▸ **Problem requirements**
In the copy, include no images, and repeat each entry precisely as written.

(Saved entries)

◆ ◆ ◆ ◆

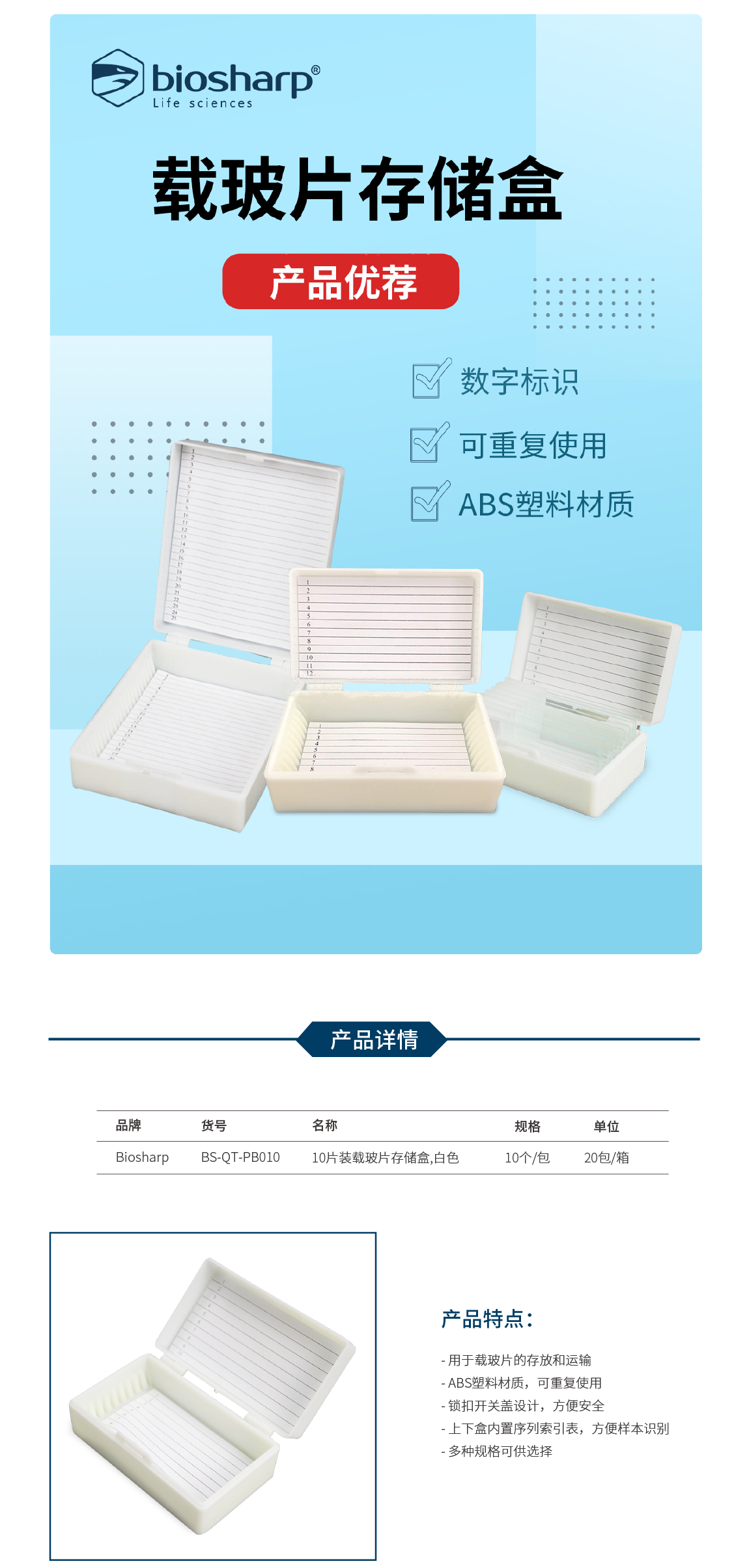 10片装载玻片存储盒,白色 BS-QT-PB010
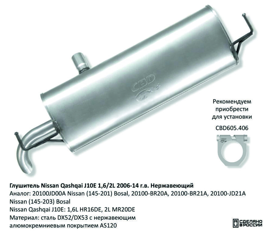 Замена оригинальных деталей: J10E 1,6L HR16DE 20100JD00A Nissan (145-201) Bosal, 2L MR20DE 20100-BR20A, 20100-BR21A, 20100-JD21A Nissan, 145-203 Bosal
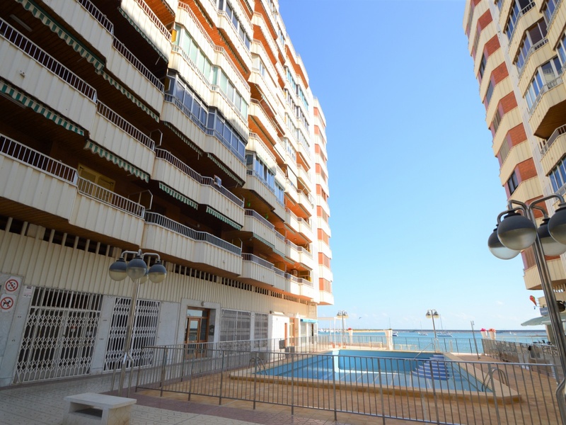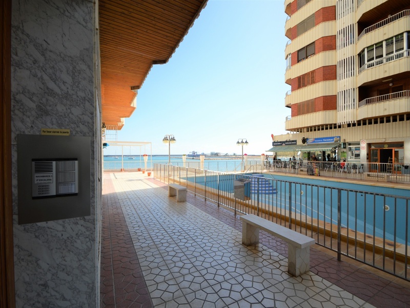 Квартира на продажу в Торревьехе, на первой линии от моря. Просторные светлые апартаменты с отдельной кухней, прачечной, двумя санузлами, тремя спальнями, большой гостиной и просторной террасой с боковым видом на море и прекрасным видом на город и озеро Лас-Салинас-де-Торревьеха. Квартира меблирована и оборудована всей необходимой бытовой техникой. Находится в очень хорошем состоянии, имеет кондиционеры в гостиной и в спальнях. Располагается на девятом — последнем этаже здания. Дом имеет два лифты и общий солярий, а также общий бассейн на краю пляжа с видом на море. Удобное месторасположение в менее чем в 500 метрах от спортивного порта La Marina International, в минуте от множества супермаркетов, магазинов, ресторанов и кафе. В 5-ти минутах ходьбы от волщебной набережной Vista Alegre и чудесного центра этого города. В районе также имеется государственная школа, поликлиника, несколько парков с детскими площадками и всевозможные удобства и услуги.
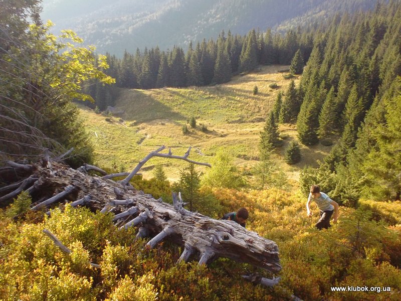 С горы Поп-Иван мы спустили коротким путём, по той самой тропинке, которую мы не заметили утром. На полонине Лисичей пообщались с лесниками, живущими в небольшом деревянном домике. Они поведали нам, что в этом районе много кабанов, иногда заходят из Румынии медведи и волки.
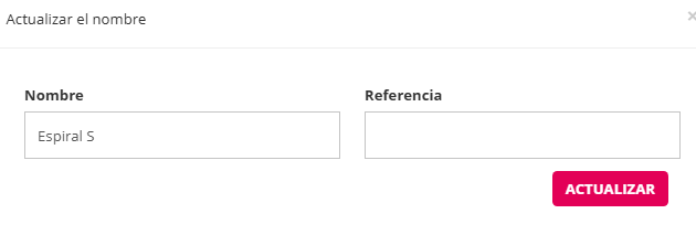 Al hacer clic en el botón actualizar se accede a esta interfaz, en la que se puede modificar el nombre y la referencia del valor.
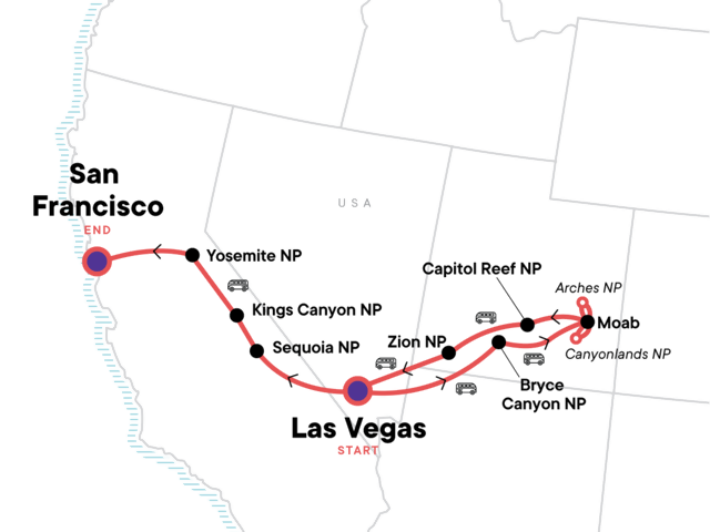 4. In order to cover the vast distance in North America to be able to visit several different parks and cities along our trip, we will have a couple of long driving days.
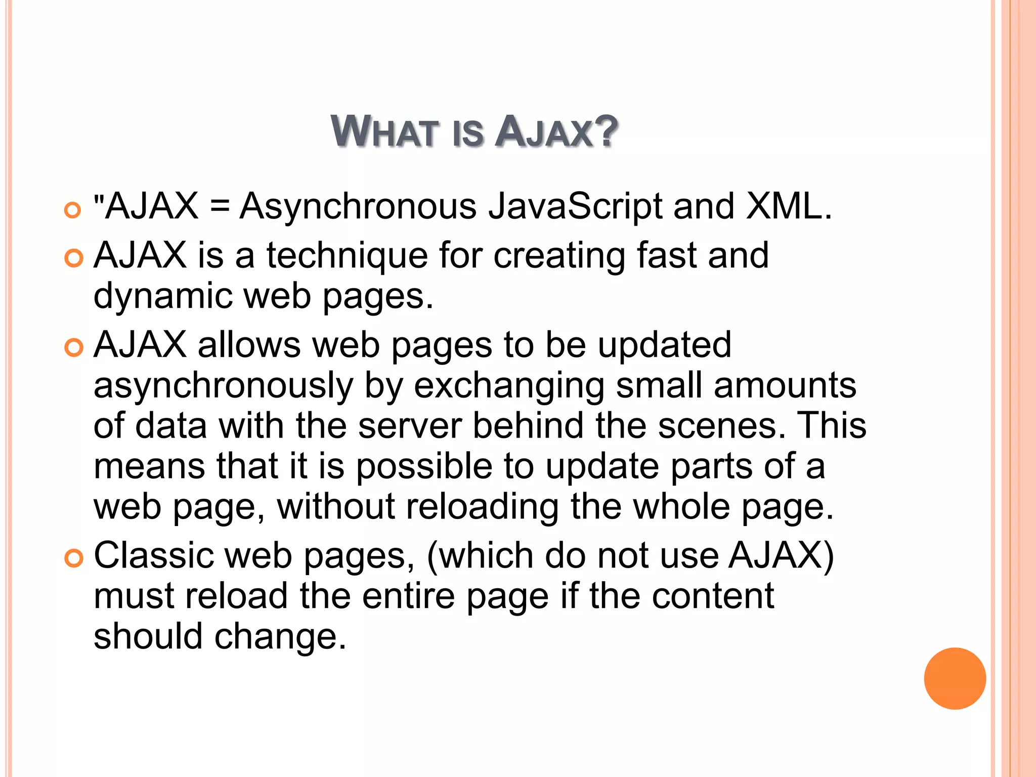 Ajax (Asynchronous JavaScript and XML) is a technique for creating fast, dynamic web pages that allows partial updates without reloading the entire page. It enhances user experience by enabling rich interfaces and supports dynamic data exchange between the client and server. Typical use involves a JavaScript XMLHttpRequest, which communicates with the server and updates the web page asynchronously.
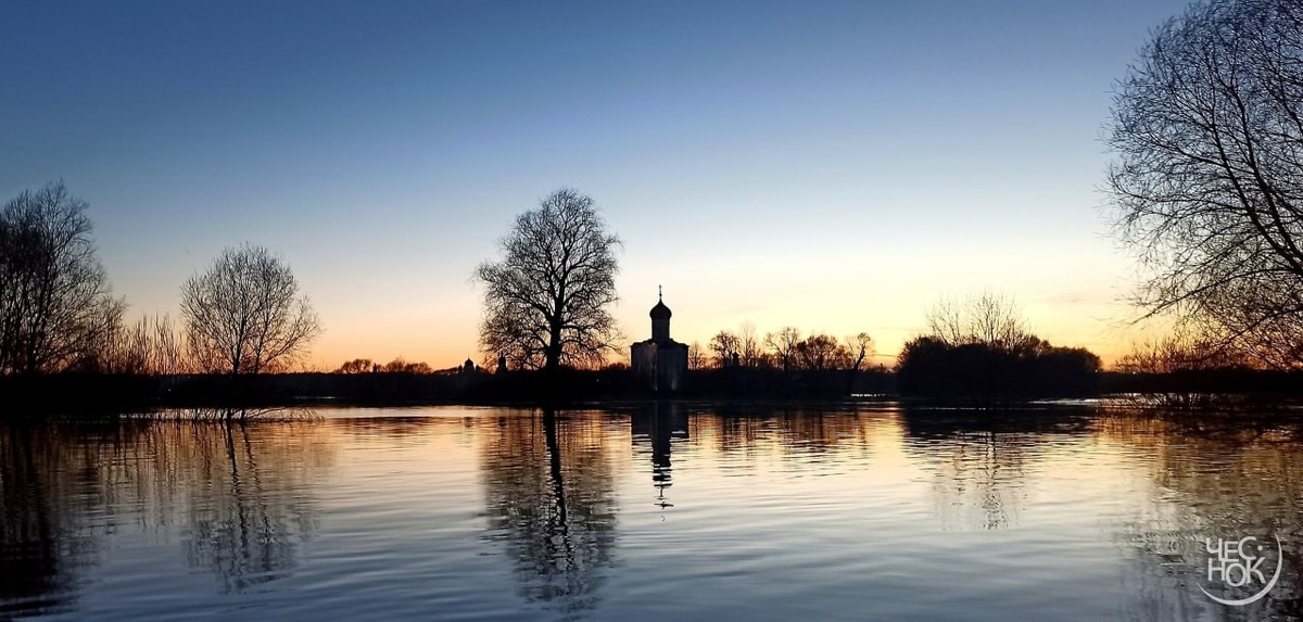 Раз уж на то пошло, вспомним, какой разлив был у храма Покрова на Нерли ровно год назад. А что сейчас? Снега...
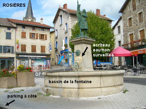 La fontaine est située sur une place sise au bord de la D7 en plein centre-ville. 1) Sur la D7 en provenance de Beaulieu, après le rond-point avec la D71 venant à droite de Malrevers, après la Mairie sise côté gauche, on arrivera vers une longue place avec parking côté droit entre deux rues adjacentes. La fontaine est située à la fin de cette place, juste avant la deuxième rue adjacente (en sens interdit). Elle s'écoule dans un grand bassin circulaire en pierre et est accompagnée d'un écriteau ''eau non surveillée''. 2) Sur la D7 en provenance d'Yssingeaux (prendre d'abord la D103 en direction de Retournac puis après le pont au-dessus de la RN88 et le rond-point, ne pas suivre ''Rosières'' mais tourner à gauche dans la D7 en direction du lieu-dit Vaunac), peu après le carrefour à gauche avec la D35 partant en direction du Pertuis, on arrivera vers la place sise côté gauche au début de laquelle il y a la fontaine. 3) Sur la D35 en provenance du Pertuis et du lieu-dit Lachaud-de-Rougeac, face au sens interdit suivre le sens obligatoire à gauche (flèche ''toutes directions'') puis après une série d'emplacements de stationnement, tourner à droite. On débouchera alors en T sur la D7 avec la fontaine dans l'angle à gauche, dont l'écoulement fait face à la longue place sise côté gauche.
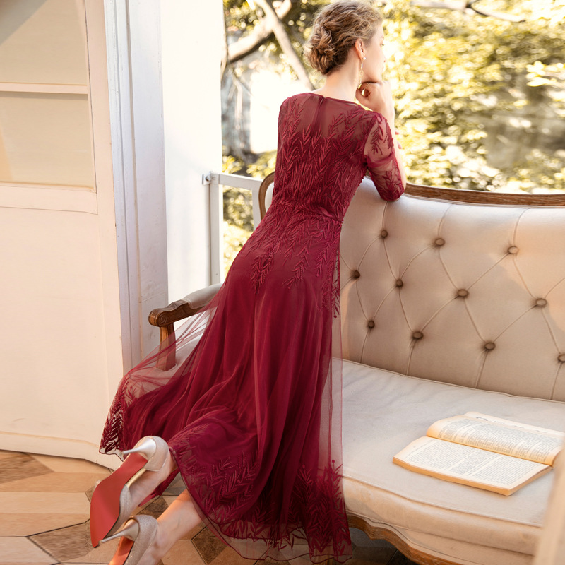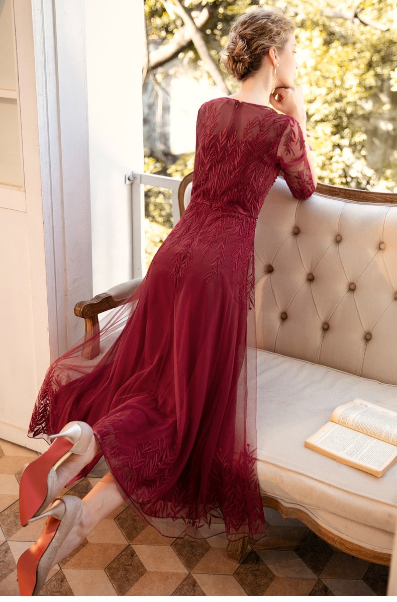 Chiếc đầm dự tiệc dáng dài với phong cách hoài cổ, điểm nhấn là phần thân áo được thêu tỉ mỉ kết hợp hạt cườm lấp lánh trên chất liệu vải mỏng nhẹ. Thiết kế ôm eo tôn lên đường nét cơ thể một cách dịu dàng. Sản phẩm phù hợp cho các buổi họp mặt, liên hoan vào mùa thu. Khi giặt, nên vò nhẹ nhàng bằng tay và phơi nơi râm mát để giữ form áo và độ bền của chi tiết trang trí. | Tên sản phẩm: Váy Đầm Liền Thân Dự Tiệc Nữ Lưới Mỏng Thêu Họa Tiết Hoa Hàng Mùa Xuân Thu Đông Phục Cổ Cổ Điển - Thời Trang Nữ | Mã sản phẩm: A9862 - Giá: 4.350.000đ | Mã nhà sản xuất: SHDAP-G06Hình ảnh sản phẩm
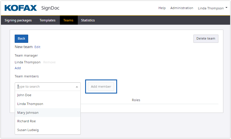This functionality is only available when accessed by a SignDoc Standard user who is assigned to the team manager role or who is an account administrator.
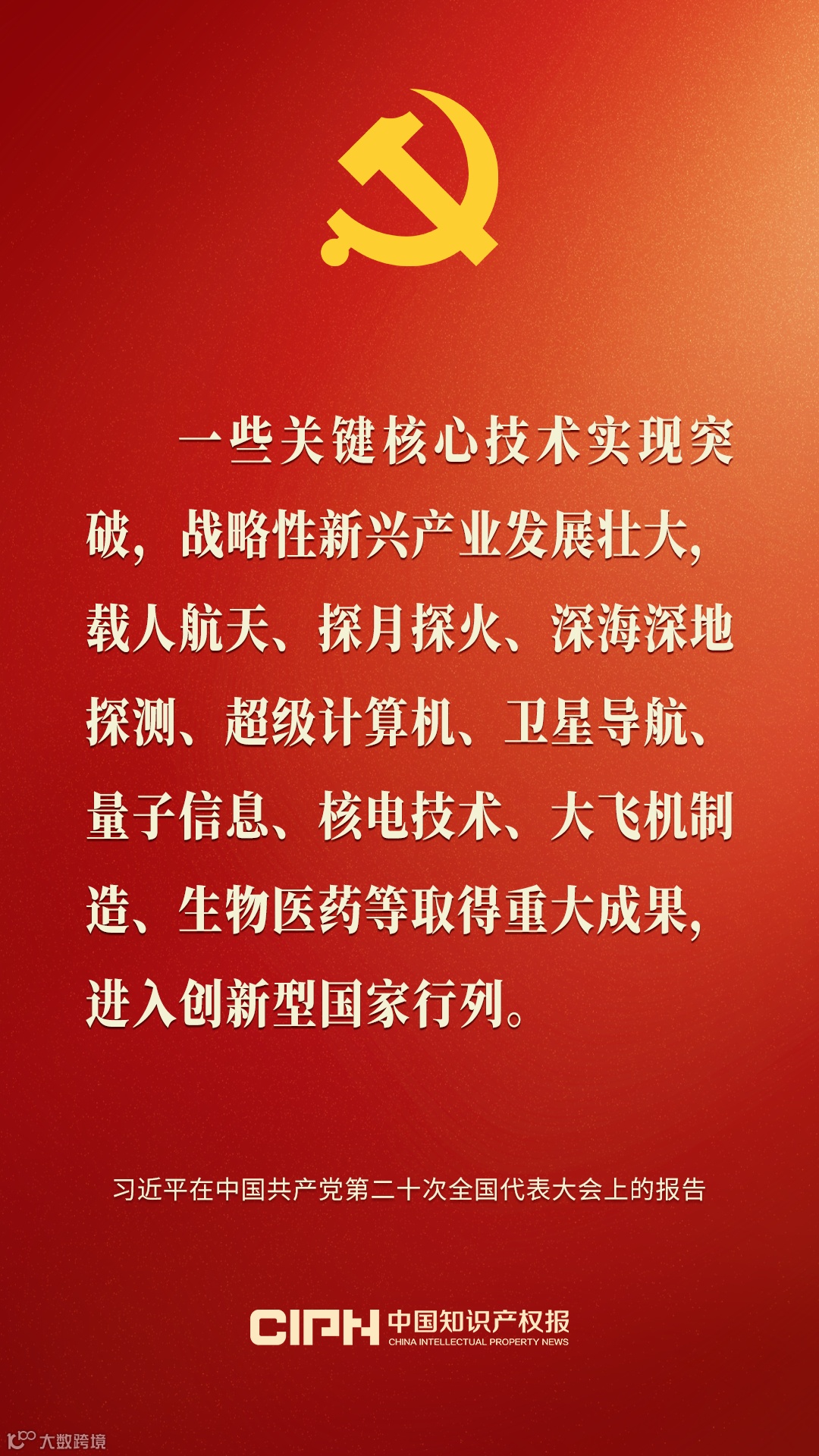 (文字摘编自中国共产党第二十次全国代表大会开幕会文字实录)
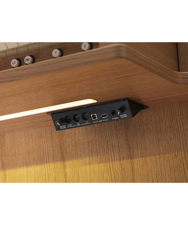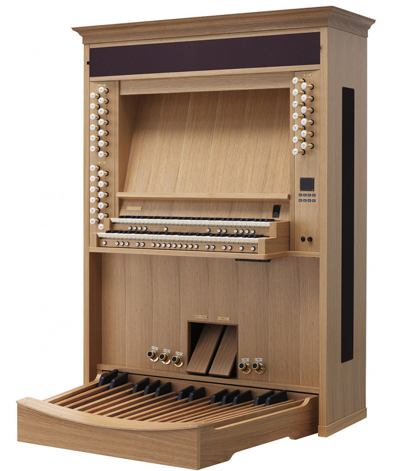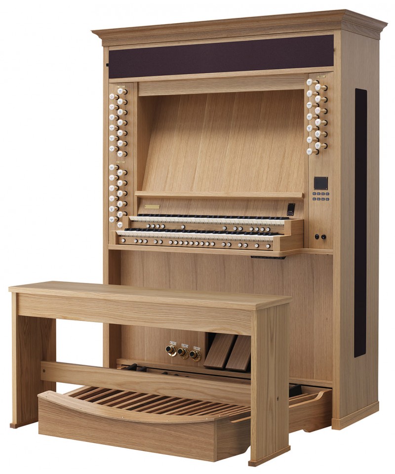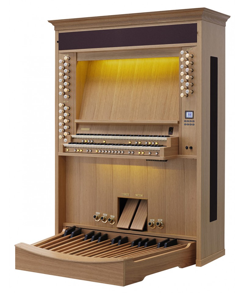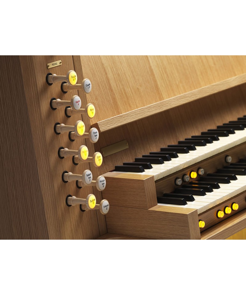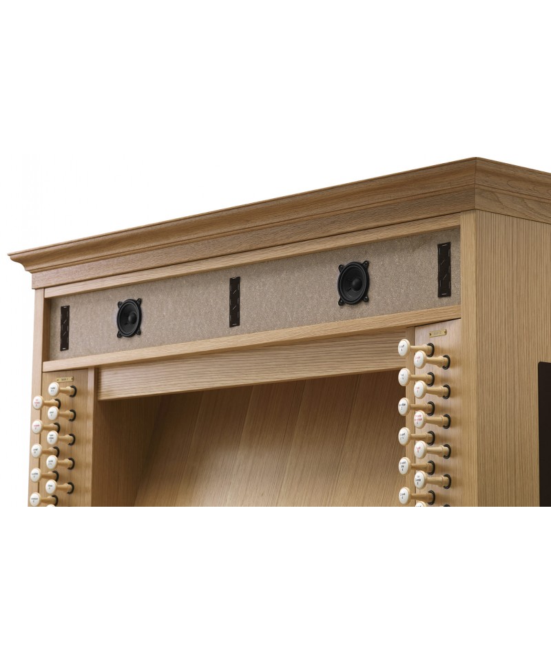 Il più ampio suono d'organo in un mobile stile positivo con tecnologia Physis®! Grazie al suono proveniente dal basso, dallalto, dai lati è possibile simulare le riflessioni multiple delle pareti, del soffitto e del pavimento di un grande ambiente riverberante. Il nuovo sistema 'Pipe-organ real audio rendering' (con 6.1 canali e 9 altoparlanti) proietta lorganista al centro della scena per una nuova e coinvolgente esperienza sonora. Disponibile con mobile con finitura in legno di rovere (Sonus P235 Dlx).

◆ ◆ ◆ ◆

▸ **Response below**
 10片装载玻片存储盒,白色 BS-QT-PB010
 Замена оригинальных деталей: J10E 1,6L HR16DE 20100JD00A Nissan (145-201) Bosal, 2L MR20DE 20100-BR20A, 20100-BR21A, 20100-JD21A Nissan, 145-203 Bosal
 Квартира на продажу в Торревьехе, на первой линии от моря. Просторные светлые апартаменты с отдельной кухней, прачечной, двумя санузлами, тремя спальнями, большой гостиной и просторной террасой с боковым видом на море и прекрасным видом на город и озеро Лас-Салинас-де-Торревьеха. Квартира меблирована и оборудована всей необходимой бытовой техникой. Находится в очень хорошем состоянии, имеет кондиционеры в гостиной и в спальнях. Располагается на девятом — последнем этаже здания. Дом имеет два лифты и общий солярий, а также общий бассейн на краю пляжа с видом на море. Удобное месторасположение в менее чем в 500 метрах от спортивного порта La Marina International, в минуте от множества супермаркетов, магазинов, ресторанов и кафе. В 5-ти минутах ходьбы от волщебной набережной Vista Alegre и чудесного центра этого города. В районе также имеется государственная школа, поликлиника, несколько парков с детскими площадками и всевозможные удобства и услуги.
 С горы Поп-Иван мы спустили коротким путём, по той самой тропинке, которую мы не заметили утром. На полонине Лисичей пообщались с лесниками, живущими в небольшом деревянном домике. Они поведали нам, что в этом районе много кабанов, иногда заходят из Румынии медведи и волки.
 Al hacer clic en el botón actualizar se accede a esta interfaz, en la que se puede modificar el nombre y la referencia del valor.
 4. In order to cover the vast distance in North America to be able to visit several different parks and cities along our trip, we will have a couple of long driving days.
 Ajax (Asynchronous JavaScript and XML) is a technique for creating fast, dynamic web pages that allows partial updates without reloading the entire page. It enhances user experience by enabling rich interfaces and supports dynamic data exchange between the client and server. Typical use involves a JavaScript XMLHttpRequest, which communicates with the server and updates the web page asynchronously.
 Раз уж на то пошло, вспомним, какой разлив был у храма Покрова на Нерли ровно год назад. А что сейчас? Снега...
 La fontaine est située sur une place sise au bord de la D7 en plein centre-ville. 1) Sur la D7 en provenance de Beaulieu, après le rond-point avec la D71 venant à droite de Malrevers, après la Mairie sise côté gauche, on arrivera vers une longue place avec parking côté droit entre deux rues adjacentes. La fontaine est située à la fin de cette place, juste avant la deuxième rue adjacente (en sens interdit). Elle s'écoule dans un grand bassin circulaire en pierre et est accompagnée d'un écriteau ''eau non surveillée''. 2) Sur la D7 en provenance d'Yssingeaux (prendre d'abord la D103 en direction de Retournac puis après le pont au-dessus de la RN88 et le rond-point, ne pas suivre ''Rosières'' mais tourner à gauche dans la D7 en direction du lieu-dit Vaunac), peu après le carrefour à gauche avec la D35 partant en direction du Pertuis, on arrivera vers la place sise côté gauche au début de laquelle il y a la fontaine. 3) Sur la D35 en provenance du Pertuis et du lieu-dit Lachaud-de-Rougeac, face au sens interdit suivre le sens obligatoire à gauche (flèche ''toutes directions'') puis après une série d'emplacements de stationnement, tourner à droite. On débouchera alors en T sur la D7 avec la fontaine dans l'angle à gauche, dont l'écoulement fait face à la longue place sise côté gauche.
 Chiếc đầm dự tiệc dáng dài với phong cách hoài cổ, điểm nhấn là phần thân áo được thêu tỉ mỉ kết hợp hạt cườm lấp lánh trên chất liệu vải mỏng nhẹ. Thiết kế ôm eo tôn lên đường nét cơ thể một cách dịu dàng. Sản phẩm phù hợp cho các buổi họp mặt, liên hoan vào mùa thu. Khi giặt, nên vò nhẹ nhàng bằng tay và phơi nơi râm mát để giữ form áo và độ bền của chi tiết trang trí. | Tên sản phẩm: Váy Đầm Liền Thân Dự Tiệc Nữ Lưới Mỏng Thêu Họa Tiết Hoa Hàng Mùa Xuân Thu Đông Phục Cổ Cổ Điển - Thời Trang Nữ | Mã sản phẩm: A9862 - Giá: 4.350.000đ | Mã nhà sản xuất: SHDAP-G06Hình ảnh sản phẩm
This functionality is only available when accessed by a SignDoc Standard user who is assigned to the team manager role or who is an account administrator.
 (文字摘编自中国共产党第二十次全国代表大会开幕会文字实录)
 Il più ampio suono d'organo in un mobile stile positivo con tecnologia Physis®! Grazie al suono proveniente dal basso, dallalto, dai lati è possibile simulare le riflessioni multiple delle pareti, del soffitto e del pavimento di un grande ambiente riverberante. Il nuovo sistema 'Pipe-organ real audio rendering' (con 6.1 canali e 9 altoparlanti) proietta lorganista al centro della scena per una nuova e coinvolgente esperienza sonora. Disponibile con mobile con finitura in legno di rovere (Sonus P235 Dlx).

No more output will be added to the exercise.